Vertex AI provides enterprise-grade access to multiple LLM providers through a unified API, offering:
  • Unified Billing: Single GCP invoice for all model usage
  • Workload Identity: Keyless authentication on GKE (most secure)
  • Enterprise Features: VPC-SC, audit logging, IAM integration
  • Multi-Provider: Access both Anthropic Claude AND Google Gemini models

Supported Models

Anthropic Claude (via Vertex AI)

Latest models (November 2025):
# Claude Sonnet 4.5 (Balanced performance)
MODEL_NAME=vertex_ai/claude-sonnet-4-5@20250929
# Pricing: $3/1M input tokens, $15/1M output tokens

# Claude Haiku 4.5 (Fast, cost-effective)
MODEL_NAME=vertex_ai/claude-haiku-4-5@20251001
# Pricing: $1/1M input tokens, $5/1M output tokens

# Claude Opus 4.1 (Most powerful)
MODEL_NAME=vertex_ai/claude-opus-4-1@20250805
# Pricing: $15/1M input tokens, $75/1M output tokens

Google Gemini (via Vertex AI)

Latest models (November 2025):
# Gemini 3.0 Pro (Latest, 1M context window)
MODEL_NAME=vertex_ai/gemini-3-pro-preview
# Pricing: $2/1M input tokens, $12/1M output tokens

# Gemini 2.5 Flash (Fast, cost-effective)
MODEL_NAME=vertex_ai/gemini-2.5-flash
# Pricing: $0.15/1M input tokens, $0.60/1M output tokens

# Gemini 2.5 Pro (Stable production)
MODEL_NAME=vertex_ai/gemini-2.5-pro
# Pricing: $1.25/1M input tokens, $10/1M output tokens (≤200K context)

Prerequisites

  1. GCP Project with Vertex AI API enabled
  2. Service Account with Vertex AI User role (for local development)
  3. Workload Identity configured (for GKE deployments)

Setup Options

Most secure - No API keys, automatic credential rotation, follows Google Cloud best practices.

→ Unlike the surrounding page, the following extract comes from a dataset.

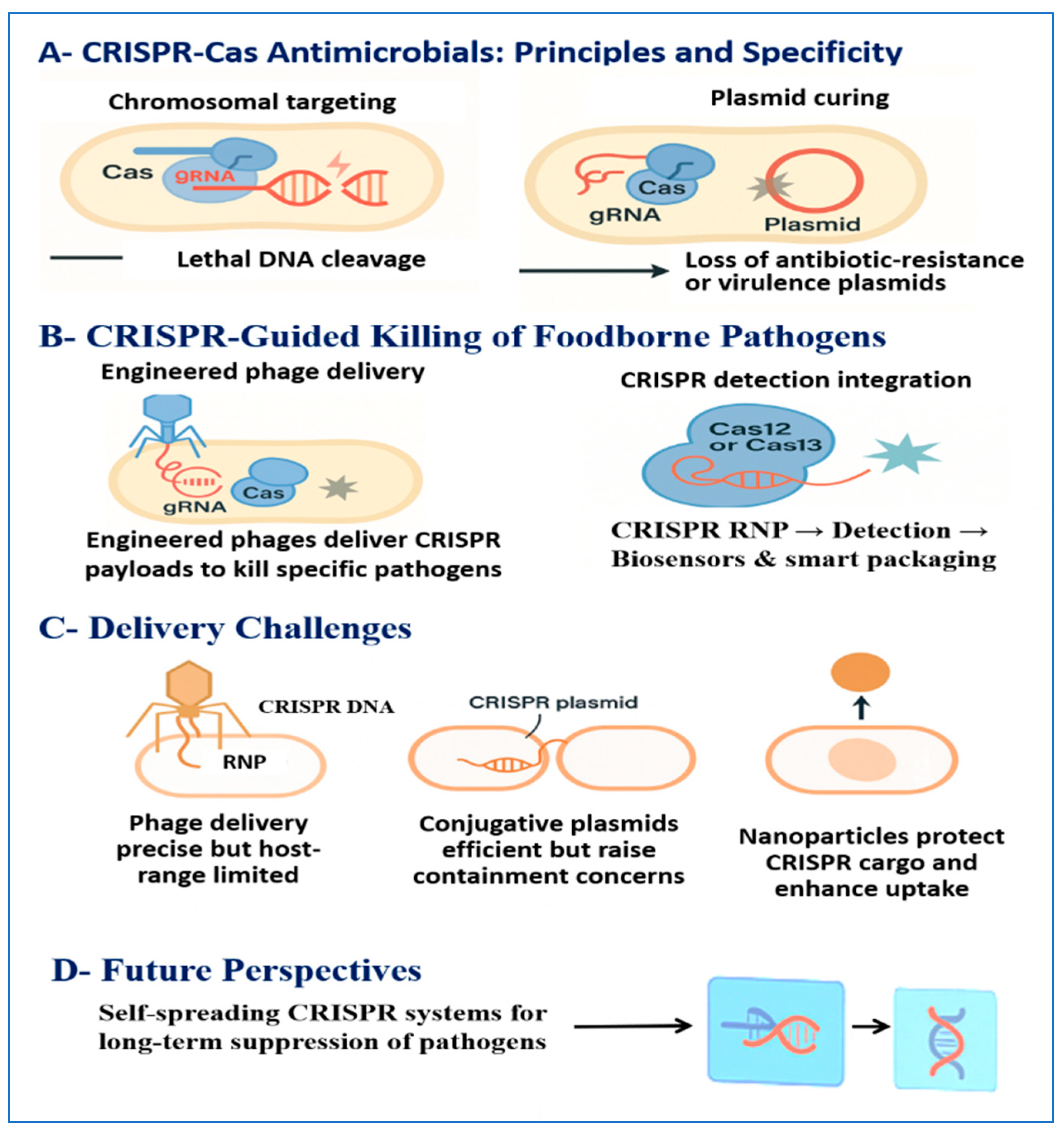 | Future perspectives: self-spreading antimicrobials and programmable sanitation | Replicative CRISPR dissemination and detection-triggered sanitation concepts | CRISPR–transposase and replicating phage systems demonstrate controlled propagation; studies emphasize containment and regulatory oversight | [19,90,190] |

Step 1: Enable Workload Identity on Your GKE Cluster

# If creating a new cluster
gcloud container clusters create my-cluster \
  --workload-pool=PROJECT_ID.svc.id.goog \
  --region=us-central1

# If updating existing cluster
gcloud container clusters update my-cluster \
  --workload-pool=PROJECT_ID.svc.id.goog \
  --region=us-central1

Step 2: Create GCP Service Account

# Create service account
gcloud iam service-accounts create vertex-ai-user \
  --display-name="Vertex AI User for MCP Server"

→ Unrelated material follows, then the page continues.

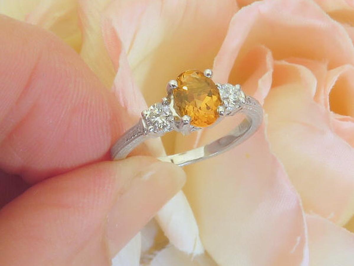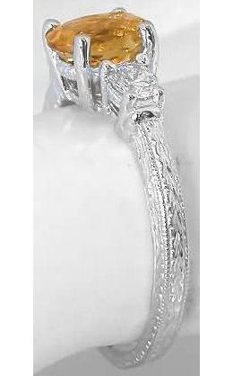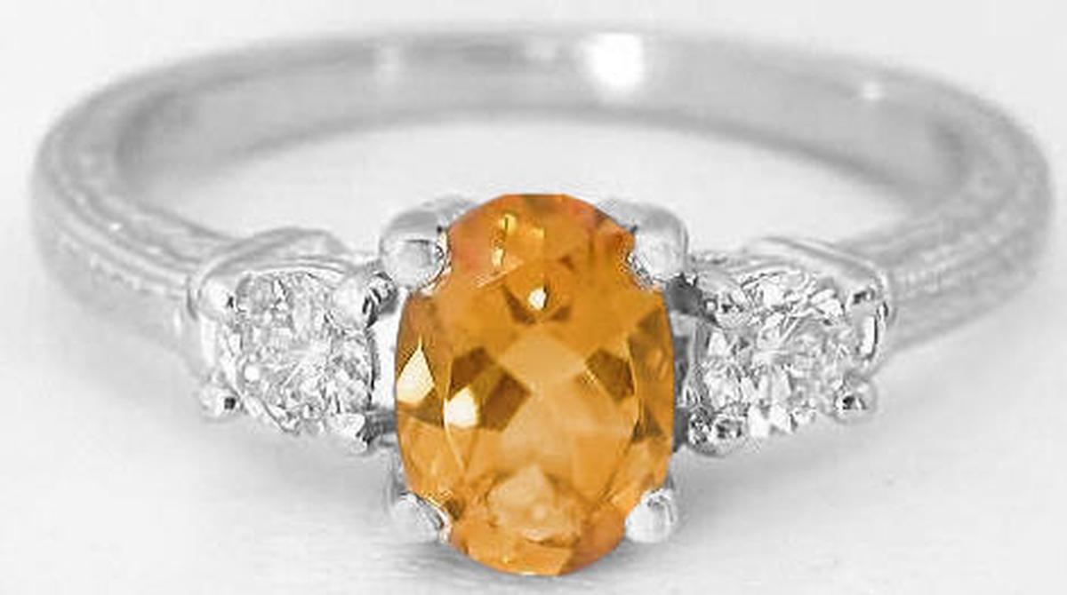 Special Features: A MJS Original Design:  Past-present-future, or three-stone, rings are classics that will always be a wonderful and elegant. But with this original MJS design, we've turned a classic up a notch by engraving the citrine ring on all three sides with beautiful Woodstock's feet and flowers. The citrine at the center measures 7x5mm and is equivalent in size to a 1 carat diamond. Beautiful fine quality, eye clean, round diamonds accent each side and add a tasteful touch of sparkle to the design.

# Grant Vertex AI User role
gcloud projects add-iam-policy-binding PROJECT_ID \
  --member="serviceAccount:vertex-ai-user@PROJECT_ID.iam.gserviceaccount.com" \
  --role="roles/aiplatform.user"

Step 3: Bind Kubernetes Service Account

# Allow Kubernetes SA to impersonate GCP SA
gcloud iam service-accounts add-iam-policy-binding \
  vertex-ai-user@PROJECT_ID.iam.gserviceaccount.com \
  --role=roles/iam.workloadIdentityUser \
  --member="serviceAccount:PROJECT_ID.svc.id.goog[default/mcp-server]"

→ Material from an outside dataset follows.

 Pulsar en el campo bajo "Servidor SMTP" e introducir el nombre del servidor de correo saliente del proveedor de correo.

Step 4: Annotate Kubernetes Service Account

# kubernetes/serviceaccount.yaml
apiVersion: v1
kind: ServiceAccount
metadata:
  name: mcp-server
  annotations:
    iam.gke.io/gcp-service-account: vertex-ai-user@PROJECT_ID.iam.gserviceaccount.com

Step 5: Configure Environment Variables

# .env or Kubernetes ConfigMap
LLM_PROVIDER=vertex_ai
MODEL_NAME=vertex_ai/claude-sonnet-4-5@20250929  # Or any Vertex AI model
VERTEX_PROJECT=your-gcp-project-id
VERTEX_LOCATION=us-central1

# No GOOGLE_APPLICATION_CREDENTIALS needed - Workload Identity handles auth!

Option 2: Service Account Key (Local Development)

For local development or non-GKE environments.

Step 1: Create Service Account

gcloud iam service-accounts create vertex-ai-dev \
  --display-name="Vertex AI Development"

gcloud projects add-iam-policy-binding PROJECT_ID \
  --member="serviceAccount:vertex-ai-dev@PROJECT_ID.iam.gserviceaccount.com" \
  --role="roles/aiplatform.user"

Step 2: Download Service Account Key

gcloud iam service-accounts keys create ~/vertex-ai-key.json \
  --iam-account=vertex-ai-dev@PROJECT_ID.iam.gserviceaccount.com
  • ⚠️ Security Warning: Service account keys are long-lived credentials. Protect them like passwords!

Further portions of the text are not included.